> [YOUR TASK]:
Write out exactly the lines from the one that contains "5月28日,软件学院夏祥礼副" down to the last line of the material below, keeping both ends and omitting pictures.

> [AVAILABLE DATA]:
********

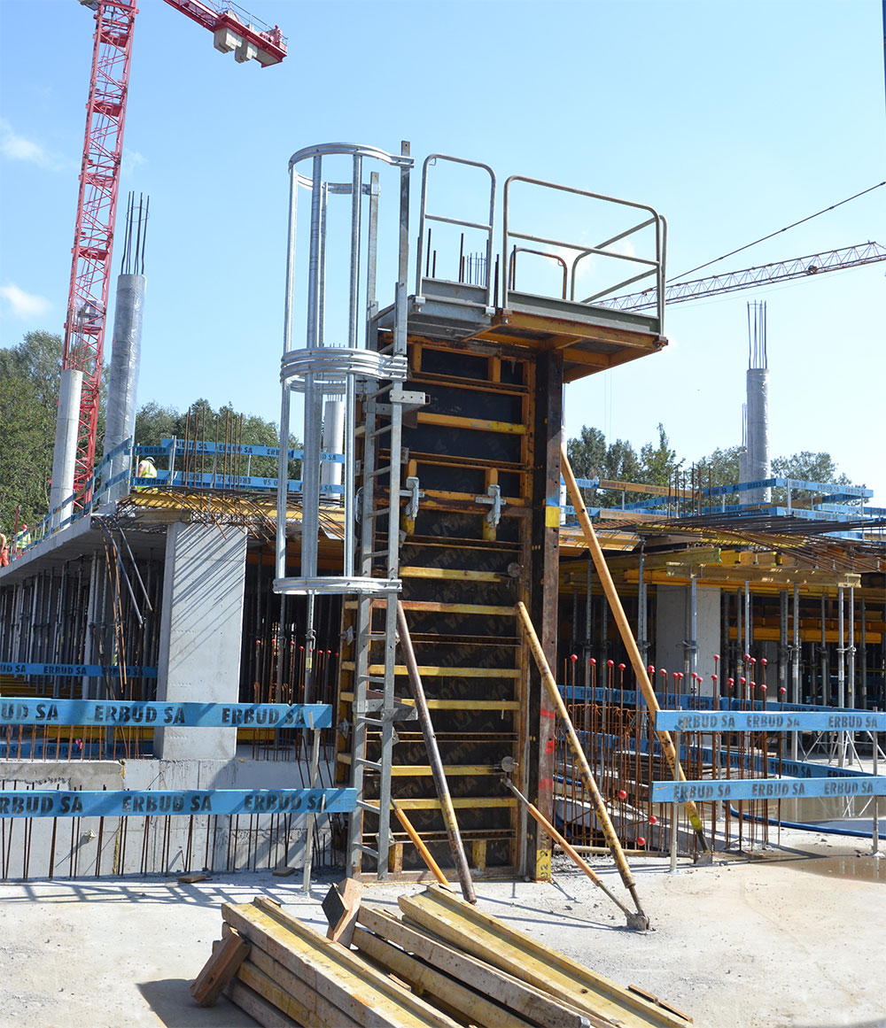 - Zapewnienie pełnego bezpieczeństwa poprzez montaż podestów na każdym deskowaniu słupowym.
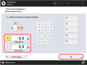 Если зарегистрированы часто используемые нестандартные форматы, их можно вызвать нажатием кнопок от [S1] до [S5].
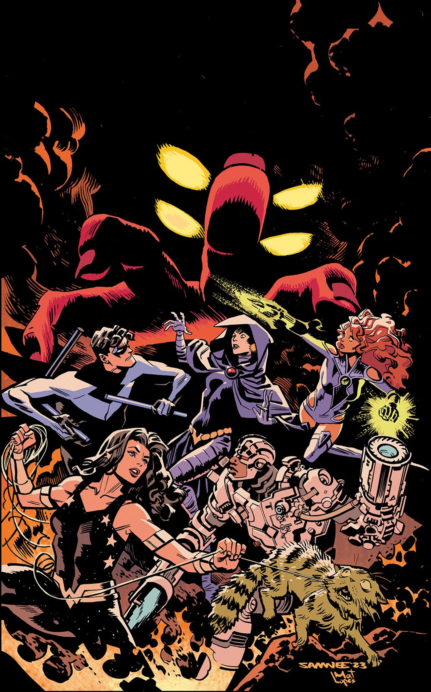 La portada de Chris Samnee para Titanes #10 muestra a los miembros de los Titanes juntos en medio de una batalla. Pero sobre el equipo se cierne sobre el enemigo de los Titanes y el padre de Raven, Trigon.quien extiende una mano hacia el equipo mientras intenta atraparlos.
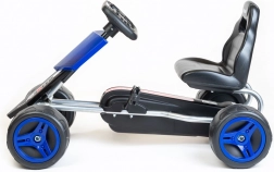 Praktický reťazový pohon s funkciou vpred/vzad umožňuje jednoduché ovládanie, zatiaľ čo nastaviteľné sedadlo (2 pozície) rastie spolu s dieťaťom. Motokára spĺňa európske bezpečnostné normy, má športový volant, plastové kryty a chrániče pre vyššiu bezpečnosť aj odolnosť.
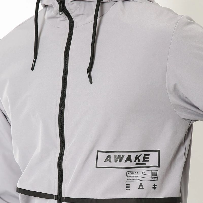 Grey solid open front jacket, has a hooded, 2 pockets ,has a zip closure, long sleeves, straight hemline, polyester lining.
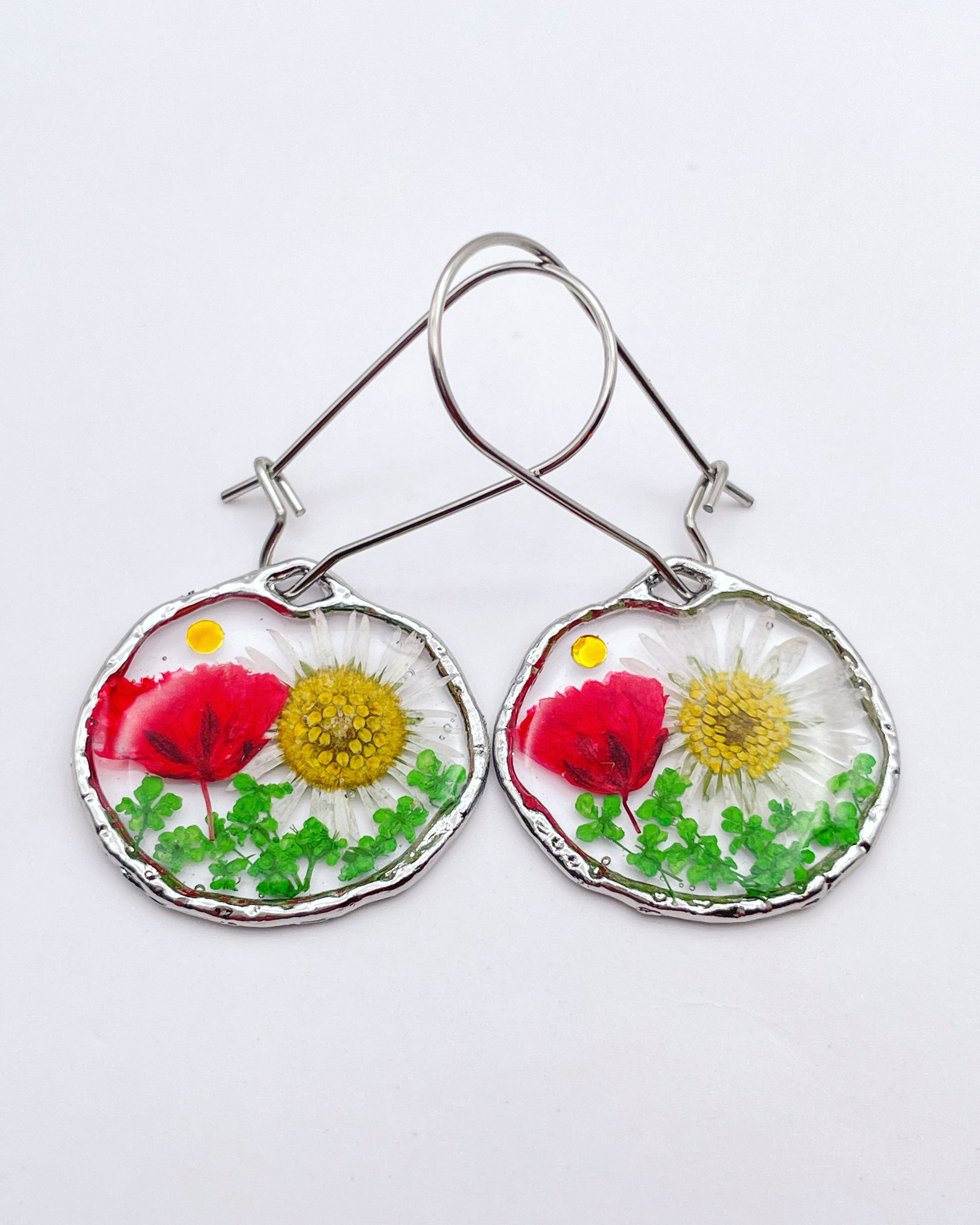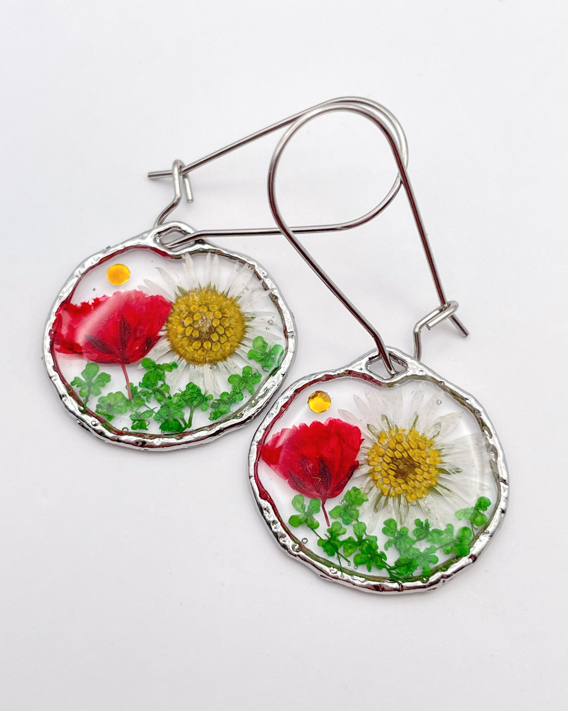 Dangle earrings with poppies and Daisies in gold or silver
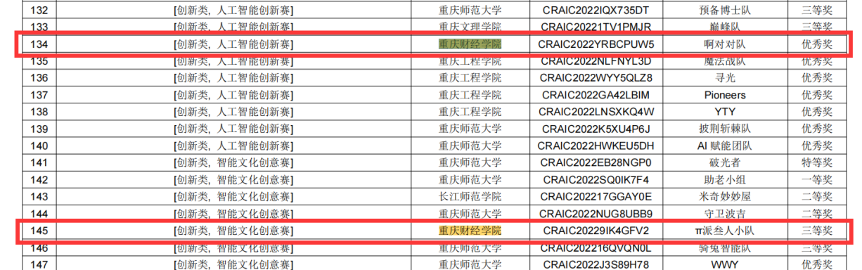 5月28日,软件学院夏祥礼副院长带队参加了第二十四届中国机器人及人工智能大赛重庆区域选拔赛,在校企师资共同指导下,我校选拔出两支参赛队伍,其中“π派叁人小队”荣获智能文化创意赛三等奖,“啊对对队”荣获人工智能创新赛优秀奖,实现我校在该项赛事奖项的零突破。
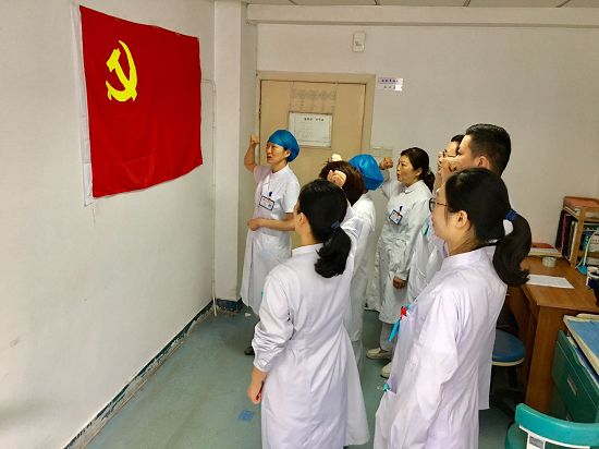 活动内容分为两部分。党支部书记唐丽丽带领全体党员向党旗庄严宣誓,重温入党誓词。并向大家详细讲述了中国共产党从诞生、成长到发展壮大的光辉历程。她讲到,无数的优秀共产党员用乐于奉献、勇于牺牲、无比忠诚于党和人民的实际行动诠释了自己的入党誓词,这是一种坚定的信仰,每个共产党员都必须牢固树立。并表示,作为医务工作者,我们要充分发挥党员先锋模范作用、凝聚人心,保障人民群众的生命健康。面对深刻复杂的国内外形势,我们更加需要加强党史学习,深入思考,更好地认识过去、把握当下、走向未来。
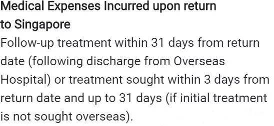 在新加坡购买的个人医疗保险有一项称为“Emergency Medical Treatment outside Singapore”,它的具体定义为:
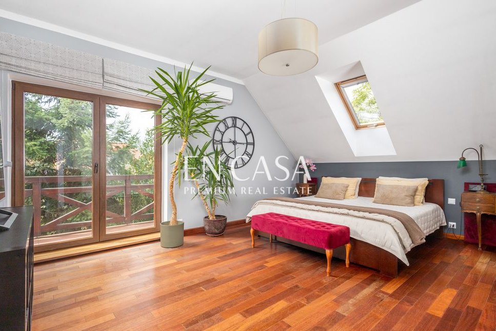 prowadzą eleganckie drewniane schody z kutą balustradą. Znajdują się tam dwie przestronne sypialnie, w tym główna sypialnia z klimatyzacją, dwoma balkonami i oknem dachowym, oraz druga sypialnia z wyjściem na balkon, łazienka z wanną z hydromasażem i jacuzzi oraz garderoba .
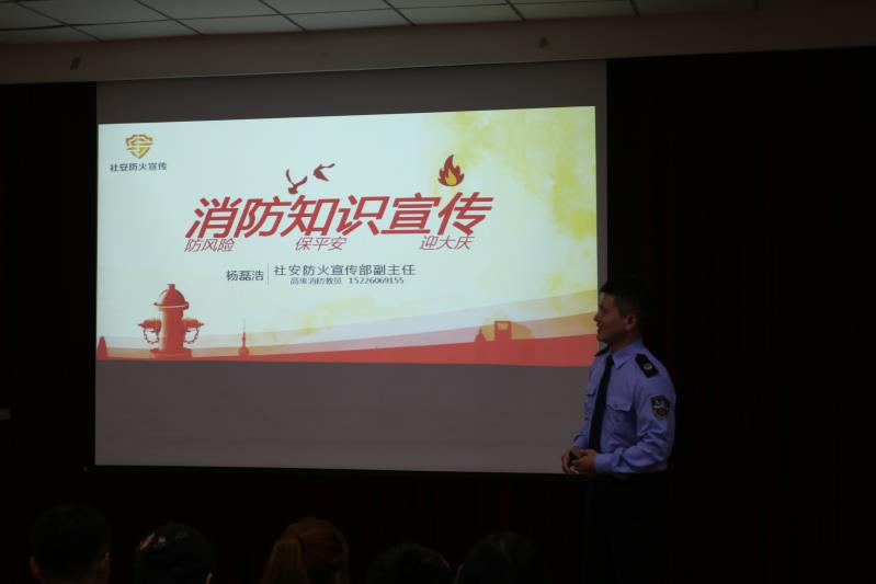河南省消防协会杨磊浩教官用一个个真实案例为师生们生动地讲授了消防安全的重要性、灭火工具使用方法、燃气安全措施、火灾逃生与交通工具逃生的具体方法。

********

> [TASK ANSWER]:
 5月28日,软件学院夏祥礼副院长带队参加了第二十四届中国机器人及人工智能大赛重庆区域选拔赛,在校企师资共同指导下,我校选拔出两支参赛队伍,其中“π派叁人小队”荣获智能文化创意赛三等奖,“啊对对队”荣获人工智能创新赛优秀奖,实现我校在该项赛事奖项的零突破。
 活动内容分为两部分。党支部书记唐丽丽带领全体党员向党旗庄严宣誓,重温入党誓词。并向大家详细讲述了中国共产党从诞生、成长到发展壮大的光辉历程。她讲到,无数的优秀共产党员用乐于奉献、勇于牺牲、无比忠诚于党和人民的实际行动诠释了自己的入党誓词,这是一种坚定的信仰,每个共产党员都必须牢固树立。并表示,作为医务工作者,我们要充分发挥党员先锋模范作用、凝聚人心,保障人民群众的生命健康。面对深刻复杂的国内外形势,我们更加需要加强党史学习,深入思考,更好地认识过去、把握当下、走向未来。
 在新加坡购买的个人医疗保险有一项称为“Emergency Medical Treatment outside Singapore”,它的具体定义为:
 prowadzą eleganckie drewniane schody z kutą balustradą. Znajdują się tam dwie przestronne sypialnie, w tym główna sypialnia z klimatyzacją, dwoma balkonami i oknem dachowym, oraz druga sypialnia z wyjściem na balkon, łazienka z wanną z hydromasażem i jacuzzi oraz garderoba .
河南省消防协会杨磊浩教官用一个个真实案例为师生们生动地讲授了消防安全的重要性、灭火工具使用方法、燃气安全措施、火灾逃生与交通工具逃生的具体方法。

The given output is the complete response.